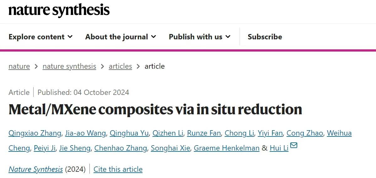 海角网 李辉教授团队在《Nature Synthesis》发表题为“Metal/MXene composites via in situ reduction”的研究论文该研究揭示了金属在二维MXene材料表面原位还原生长的规律成功制备了多种结构可控的金属/MXene复合材料为催化、传感、生物技术等领域提供可定制化的新材料选择。
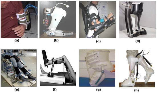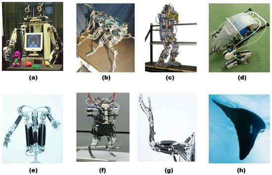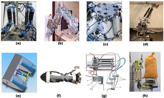 Biorobotic applications of PAMs: (a) ISAC [124]; (b) Ajax [129]; (c) Lucy [130]; (d) Mowgli [132]; (e) Zwei–Arm–Roboter [135]; (f) Pneumatic Athlete Robot [136]; (g) Airic’s robotic arm [105]; (h) Aqua ray robot [105].
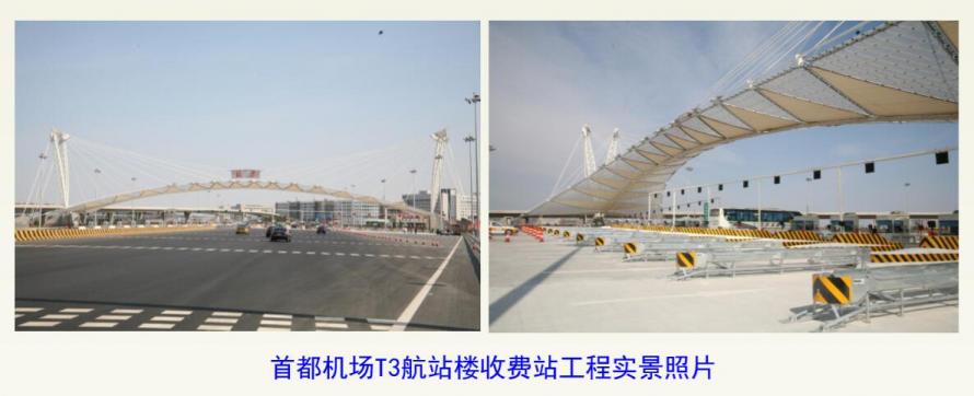首都機(jī)場T3航站樓南線收費(fèi)站( PTFE+ETFE,2008年竣工,4000m2 )
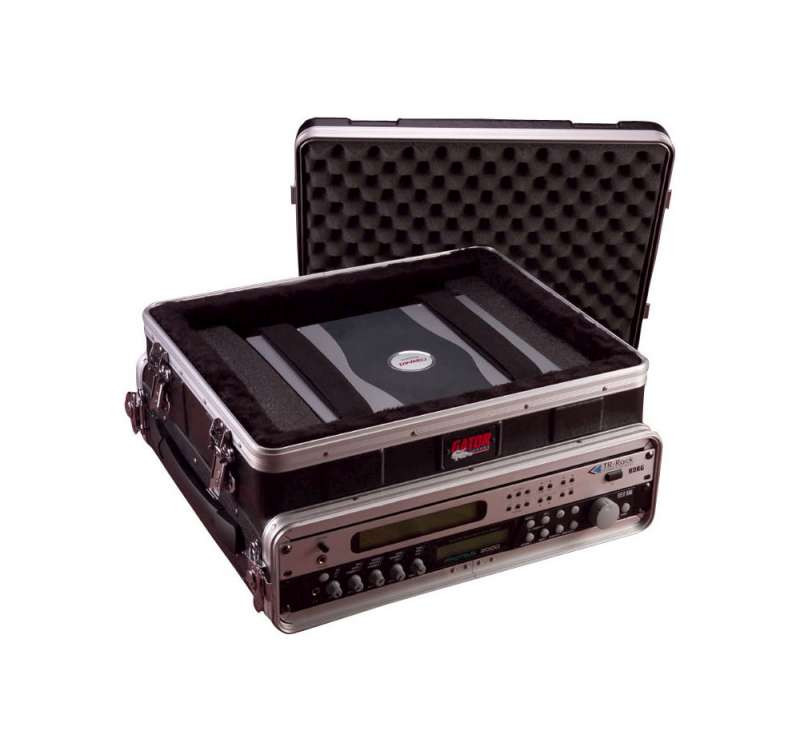 The Gator GRC-Studio-2-Go is a road ready, ATA style case constructed of rugged Polyethylene. The interior features a plush adjustable laptop compartment with web strap tie-downs for protection during transport.
※
Leave out any pictures, please, and quote only the lines from the top of the data through the line that contains "首都機(jī)場T3航站樓南線收費(fèi)站( PTFE+ETFE,2008年竣工,4000m2 )".

 海角网 李辉教授团队在《Nature Synthesis》发表题为“Metal/MXene composites via in situ reduction”的研究论文该研究揭示了金属在二维MXene材料表面原位还原生长的规律成功制备了多种结构可控的金属/MXene复合材料为催化、传感、生物技术等领域提供可定制化的新材料选择。
 Biorobotic applications of PAMs: (a) ISAC [124]; (b) Ajax [129]; (c) Lucy [130]; (d) Mowgli [132]; (e) Zwei–Arm–Roboter [135]; (f) Pneumatic Athlete Robot [136]; (g) Airic’s robotic arm [105]; (h) Aqua ray robot [105].
首都機(jī)場T3航站樓南線收費(fèi)站( PTFE+ETFE,2008年竣工,4000m2 )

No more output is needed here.